RECORDED DATA
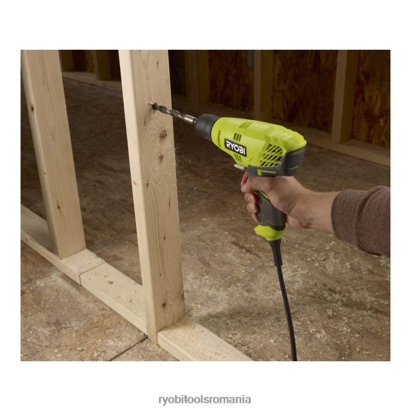 burghiutul cu fir ryobi 3/8 in. vsr dispune de un motor de 5,5 amperi care oferă până la 1.600 rpm pentru găurire puternică într-o varietate de materiale. declanșatorul cu viteză variabilă vă ajută să potriviți viteza cu aplicația, în timp ce caracteristica de blocare permite găurirea continuă și ajută la reducerea oboselii operatorului în timpul perioadelor lungi de găurire. mânerul ergonomic include o zonă de prindere pentru confort în timpul utilizării.
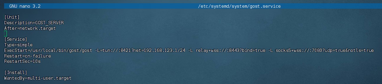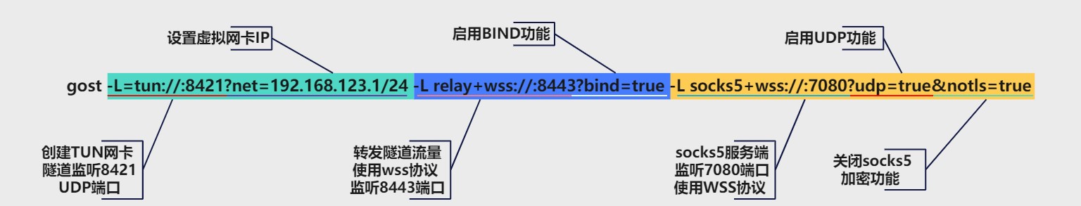 C:\Users\Administrator\Desktop\gost\gost.exe -L="tun://:0/:8421?net=192.168.123.2/24&name=gost_tun" -F relay+wss://服务端IP:8443
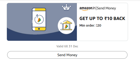 Amazon Rewards : Upto ₹10 Cashback on Send Money available online in India on Amazon. Offer Note: Valid till 31st December 2025. This deal was updated by @radhika on 19th September, 2025 at 3:33 PM.
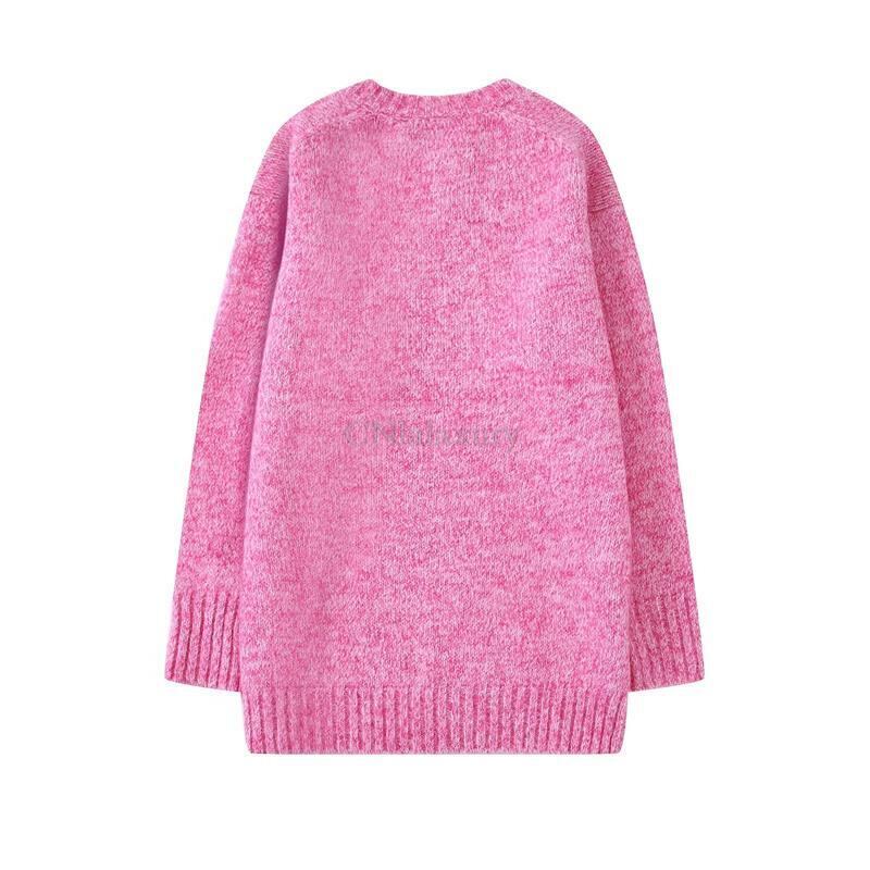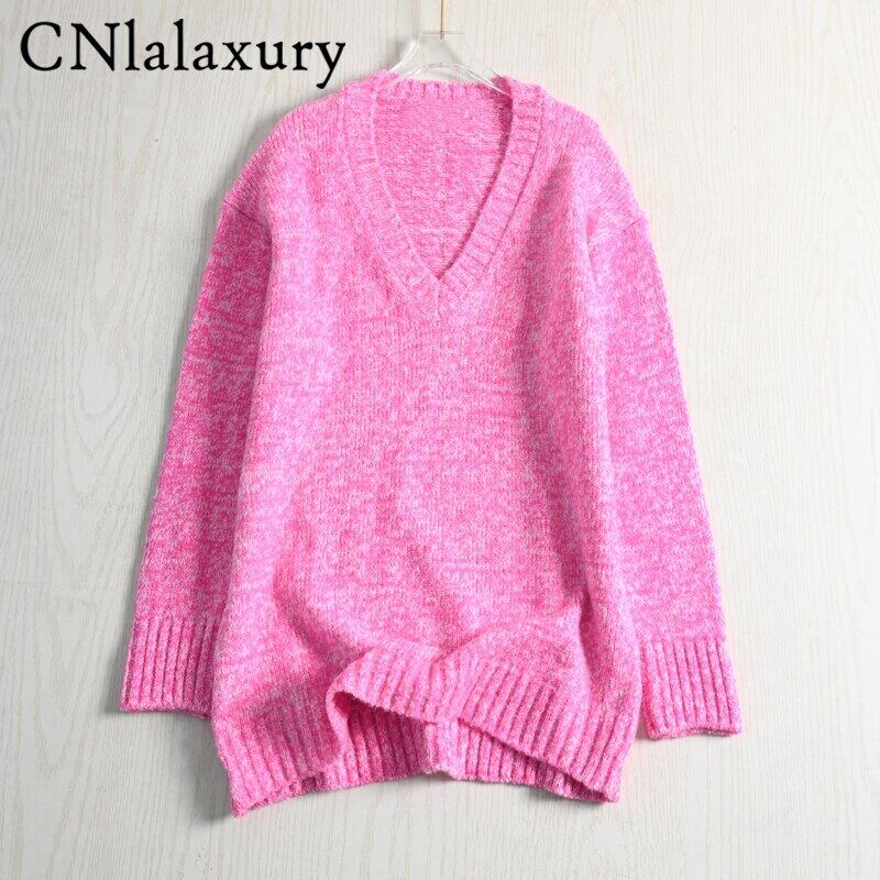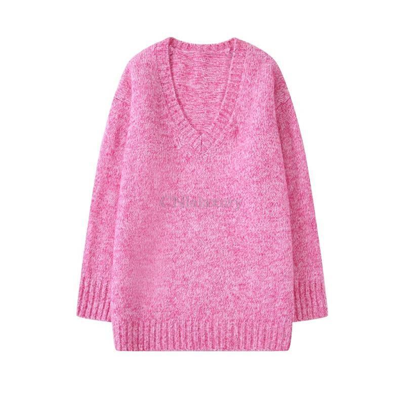 CNlalaxury 秋冬女性ピンク V ネックニットセーター長袖ルーズプルオーバーセーターシンプル無地ジャンパー ロング オータム 秋物 ウィンター 冬物 Vネック ソリッドカラー

WHAT TO WORK ON
Repeat each line word for word, from the one with "Amazon Rewards : Upto" down to the last line of the data, and keep the pictures out of it.

EXERCISE RESULT
 Amazon Rewards : Upto ₹10 Cashback on Send Money available online in India on Amazon. Offer Note: Valid till 31st December 2025. This deal was updated by @radhika on 19th September, 2025 at 3:33 PM.
 CNlalaxury 秋冬女性ピンク V ネックニットセーター長袖ルーズプルオーバーセーターシンプル無地ジャンパー ロング オータム 秋物 ウィンター 冬物 Vネック ソリッドカラー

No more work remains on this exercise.